Friends are with you FRom the begInning to the END. Girlfriends, especially, have a bond with each other that brightens the day and makes them feel whole. Girls are there for each other to share in funny inside jokes, listen when their friends need an ear, help with fashion advice, keep each other up-to-date in pop culture news, enjoy a good margarita together at happy hour; and the list goes on.
The one thing that comes with all of the positives is, of course, the “minor negative.” Although girls are wonderfully compassionate companions – they also like to talk. Not only do we like to talk about things we see on Pinterest, the latest iPhone App, or our weekend party plans; but we also discuss each other’s love lives.
I realized in my recent happy hours and couch dates with friends that we enjoy giving feedback (solicited or not) to friends about whom they choose to date or not date. And it’s not just my friends that do this; I have met many different friend groups who also talk the talk about who’s dating or hooking up with whom.
When you really think about it, it seems a strange concept that one person can have a strong opinion about someone else’s datee. Let’s say that Jill is hooking up with Jeff, but Jill’s best friend Nancy isn’t happy with this, claiming Jeff is impolite and unreliable with texting. Nancy will constantly tell Jill that she should break up with him because he just isn’t right for her.
I understand that it is human nature to have an opinion on absolutely everything we encounter; and maybe that’s because we live in a world where everything is transparent and open to comment thanks to Facebook, texting, blogging, etc. This seems fine too especially when it involves traffic reports, weather, or even Lindsay Lohans’ tenth jail sentence; but when it comes to a love that should be private between two people, I think the couple involved should make their own decisions.
Nancy isn’t the one receiving text messages from Jeff, or the one who has to hook up with him. If Jill is choosing to be in that position, the only thing Nancy could really do is give an initial, “I don’t think he is good for you, but I will let you see this thing through and be here for you if it doesn’t work out.” Jill isn’t going to stop dating Jeff, just because Nancy said so; and if Nancy keeps saying something EVERYTIME Jill tries to vent to her, it creates tension. Jill won’t feel comfortable divulging things to Nancy if all she does is shoot her down and give her negative critiques, ultimately making Jill feel guilty.

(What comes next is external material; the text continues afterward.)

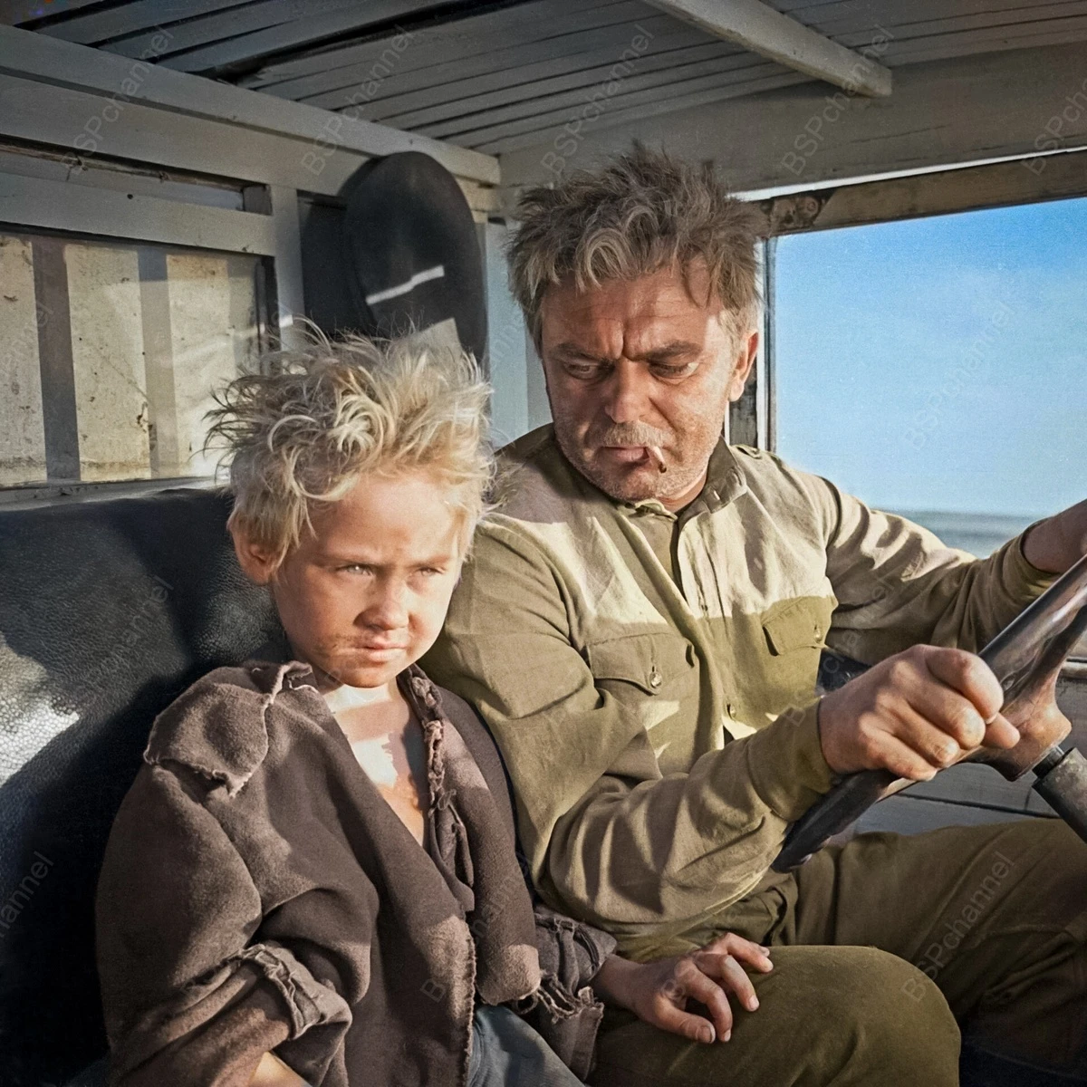 Still from the film based on Mikhail Sholokhov's novella of the same name, "The Fate of a Man." Sergei Bondarchuk's directorial debut. Bondarchuk stars as Andrei Sokolov, and Pavel Boriskin as Vanyushka, 1959.

If that person is choosing to be in that position, then she has to see it through. If you really think that the two people aren’t going to work out, then that is probably how it will end, but at least you can be that shoulder to lean on through the whole experience. At the end of the day we girls are vocal about everything, and we are just trying to be good friends; but the person in the relationship has to go with her instincts. It doesn’t mean friends don’t respect their friends’ opinions, but if they want to hook up with a “Jeff,” they will hook up with a “Jeff.”